I think this guy is a heck of a perceptive writer and makes a number of good points all through his book. Now, some of them I disagree with, even many of them, but that's half the fun!The Great Funk: Falling Apart and Coming Together (on a Shag Rug) in the Seventies, Thomas Hine, Sarah Crichton Books (Farrar, Straus and Giroux), 2007, pages 14-15:
https://books.google.com/books?id=I1lqxOVy4gkC&pg=PA15&dq=%22for+a+longish+seventies,+beginning+in+midsummer+1969%22&hl=en&sa=X&ved=0CBwQ6AEwAGoVChMItaL4zauJyAIVQY4NCh3BrgNB#v=onepage&q=%22for%20a%20longish%20seventies%2C%20beginning%20in%20midsummer%201969%22&f=false
' . . . I have opted for a longish seventies, beginning in midsummer 1969. The Woodstock music festival and the riots at the Stonewall bar in New York City's Greenwich Village, both of which happened that summer, are often seen as quintessentially sixties events.

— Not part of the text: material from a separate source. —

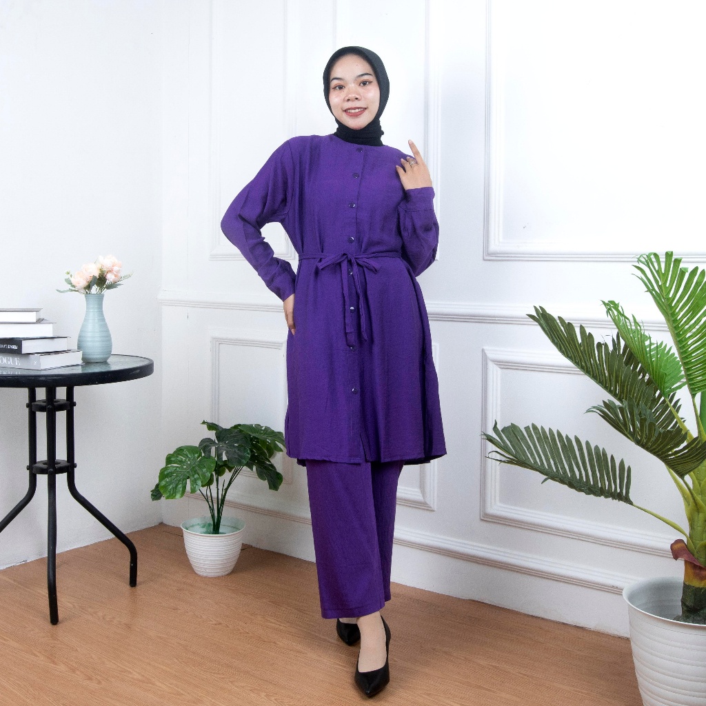 Detail Ukuran dan Detail Produk Atasan Ukuran : Allsize fit to XL Lingkar dada : 108cm Panjang : 94cm Panjang lengan : 53cm Bahan : Polo Linen Celana Lingkar pinggang : 58cm - 100cm Panjang : 90cm Bahan : Polo Linen

But they really represent a transition from issue-based protest to the politics of identity and generational solidarity that characterize the seventies. And the draft lottery of December 1969 allowed draft-age young men to plan their lives, thus taking some of the urgency out of antiwar protest and setting the stage for the next phase. The end came in January 1981, when the Iran hostages were released and Reagan took the oath of office a few minutes later. Some of the economic gloom of the seventies carried over into the eighties, as the harsh inflation-killing policies of Federal Reserve chairman Paul Volcker, a Carter appointee, continued under Reagan. But from the beginning, Reagan reassured the public that we were back in more normal times, times more like the fifties. . . '
Anyway, on this particular topic, how would you bracket the 1970s?